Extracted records
[Start of section]

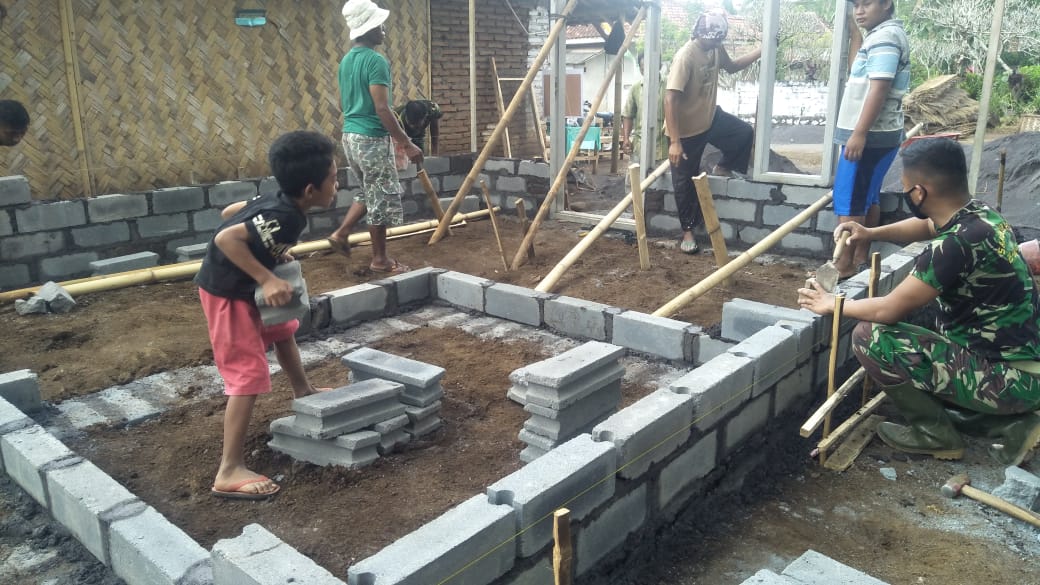 Lumajang,JodaNews.com-  TMMD 108, Nampak seorang anak berbaju hitam, bercelana merah mengangkat batako, didekat personil TNI yang kala itu sibuk meluruskan tatanan dinding.
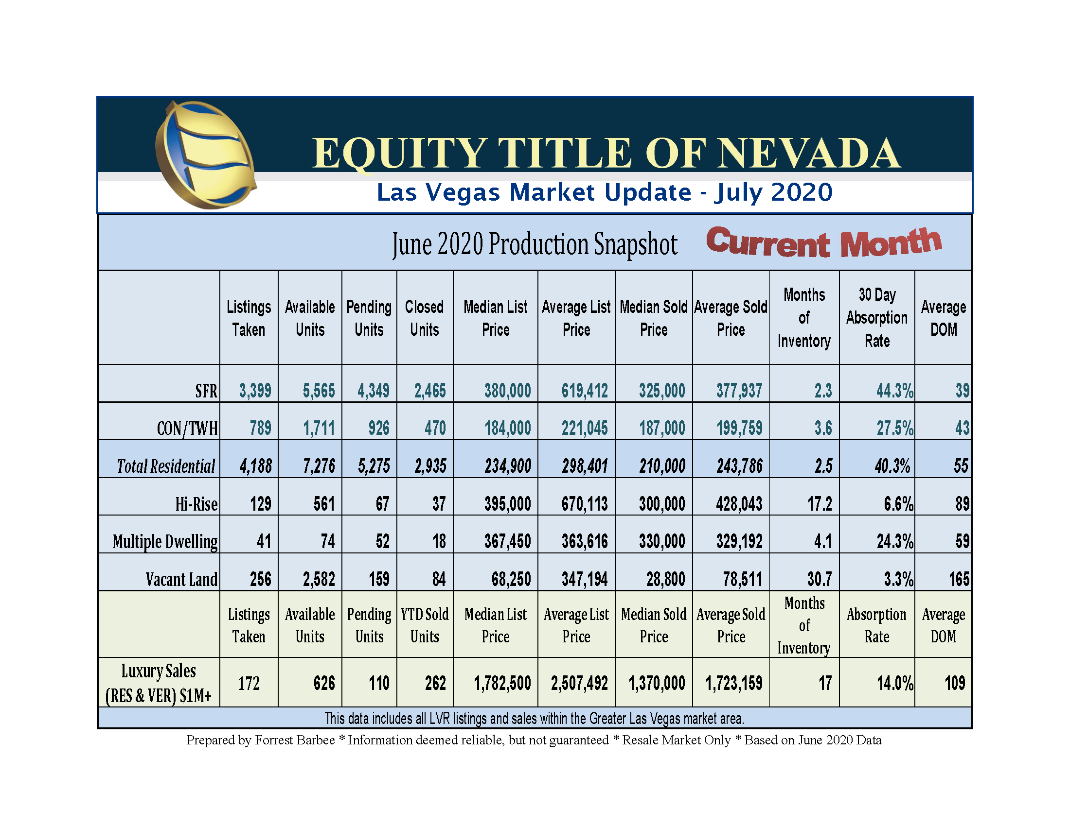 2020 residential closings remain 13.2% behind 2019 as a result of the pandemic but the market has already begun rebounding! Meanwhile, SFR inventory dropped dramatically to 2.3 months overall based on the market shift of supply and demand and the lack of new listings taken. There were 4,188 residential listings taken in June which is nearly the same as in May (4,124). However, residential closings were up 41.4% month over month! So there’s really only about 1 month of marketable inventory because 53% of all SFR homes are listed well above what the market will bear! It’s time to send out an APB to find more listing agents to help replenish and build up the supply of available homes for sale!
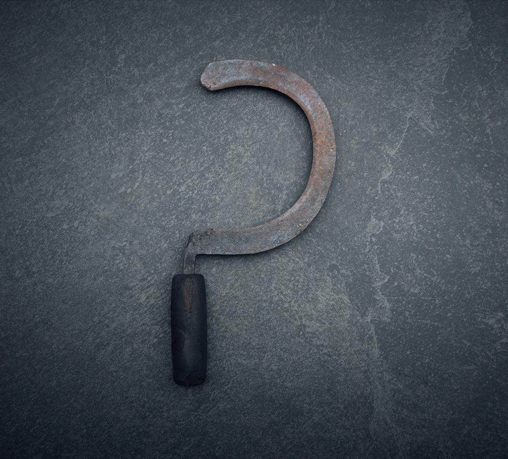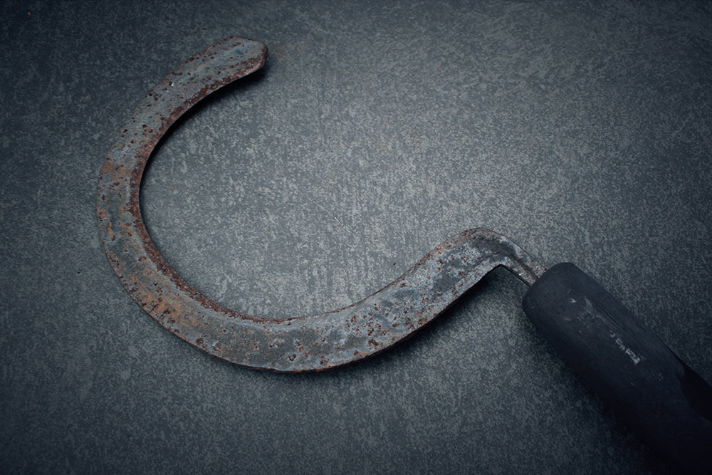 These are hand forged sickles. Representing harvest and death, this item aged with rich history goes perfect on your altar.
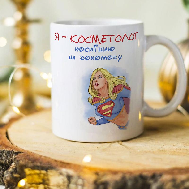 Оригинальная чашка на подарок для косметолога "спешу на помощь"
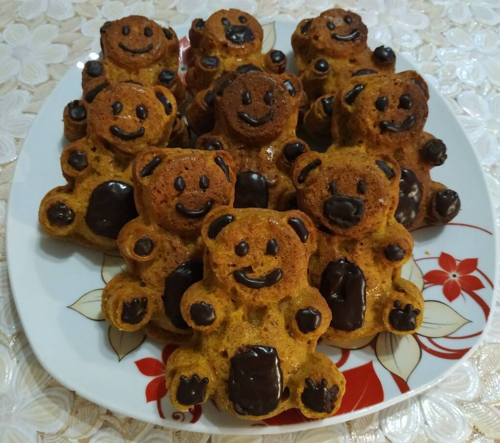 #меню Ингредиенты: тыквенного пюре,, муки,, сахара,, желтков или 3 яйца,, корицы,, мускатного ореха,, разрыхлителя, Способ приготовления: Тыкву, разрезав пополам или на кусочки, запечь в разогретой духовке при температуре 180 градусов до мягкости. Время запекания зависит от сорта и размеров кусочков тыквы. Мягкую запеченную тыкву измельчить в блендере с сахаром. Добавить в полученную массу яйца и мягкое сливочное масло, все хорошенько взбить венчиком. Добавить муку, корицу, разрыхлитель, мускатный орех и перемешать, тесто получится густым. Вылить тесто в формочки для выпечки, и отправить в горячую духовку. Я переложила тесто в кондитерский мешок,так удобнее заполнять формочки. Выпекать 40 минут при температуре 180 градусов. Вкусные кексики с тыквенным пюре готовы, украсить можно по своему вкусу. Приятного аппетита!
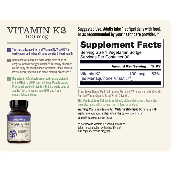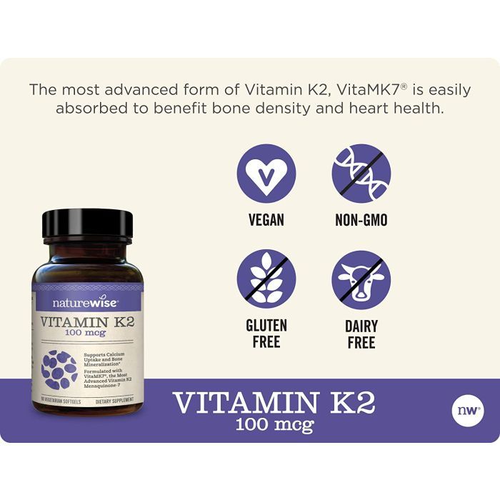NatureWise Vitamin K2 with VitaMK7® 100 mcg supports bone and heart health with superior absorption. Each softgel helps guide calcium into bones and teeth while protecting arteries. Vegan, non-GMO, gluten-free, and soy-free formula made with organic extra virgin olive oil. Manufactured in a USA cGMP-certified facility with third-party testing. Designed for adults seeking optimal calcium balance, strong bones, and cardiovascular support. 90 vegetarian softgels per bottle.
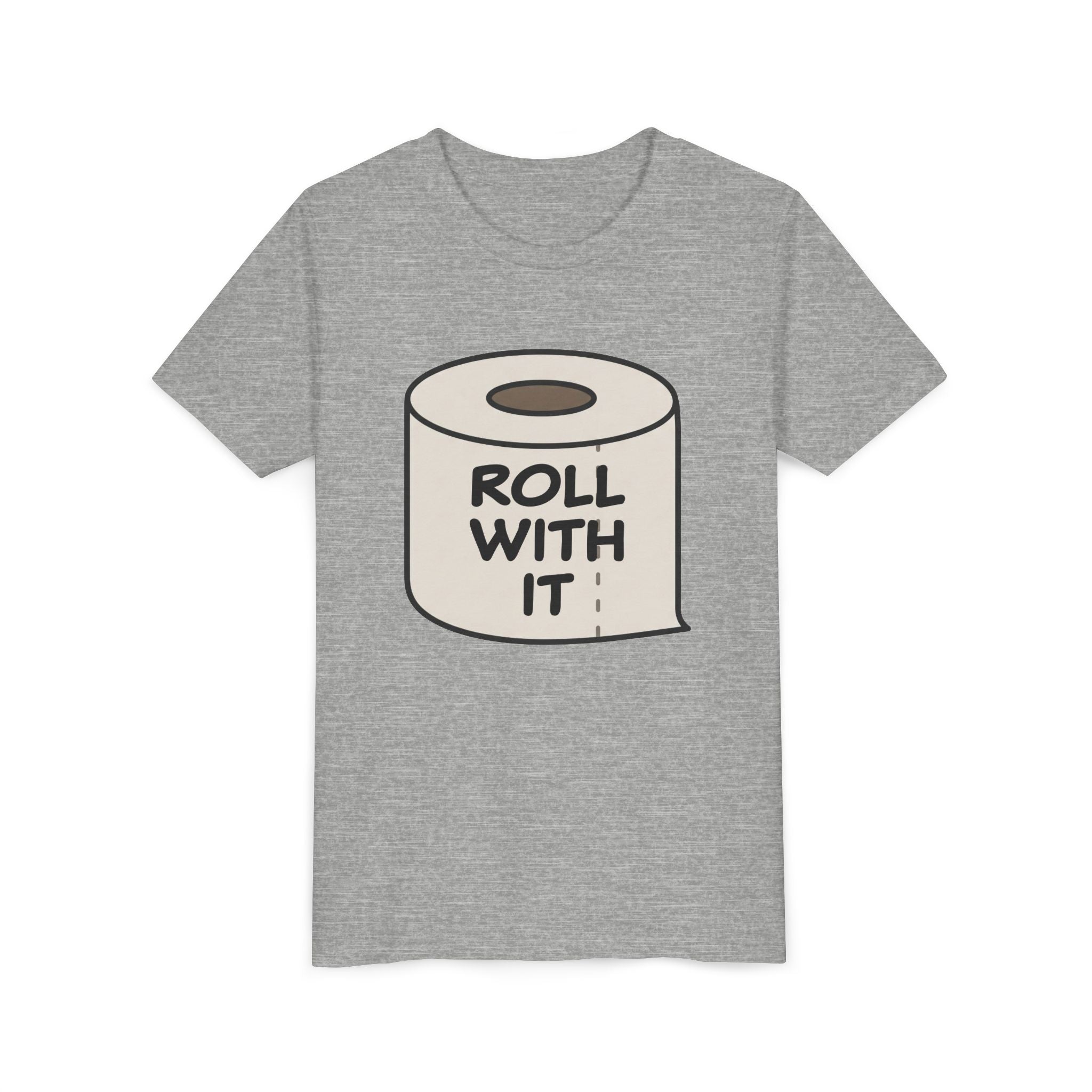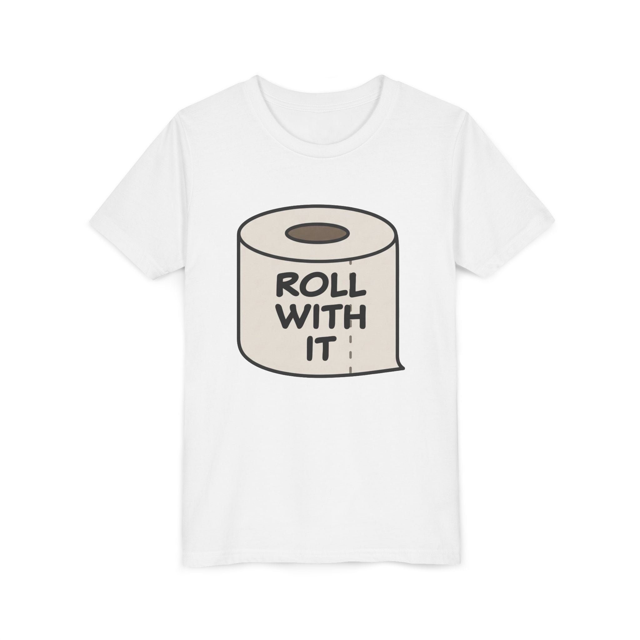 A youth short sleeve tee featuring the phrase 'Roll with it' on a roll of toilet paper. This fun and quirky tee is perfect for those with a sense of humor and can be worn casually or as a conversation starter. Ideal for those who enjoy lighthearted and playful designs, this tee is great for everyday wear, parties, and casual outings.

[End of section]

(WHAT THE EXERCISE ASKS):
Drop the pictures; return the lines above from the line containing "These are hand" to the line containing "Оригинальная чашка на", both included, exactly.

(TASK ANSWER):
 These are hand forged sickles. Representing harvest and death, this item aged with rich history goes perfect on your altar.
 Оригинальная чашка на подарок для косметолога "спешу на помощь"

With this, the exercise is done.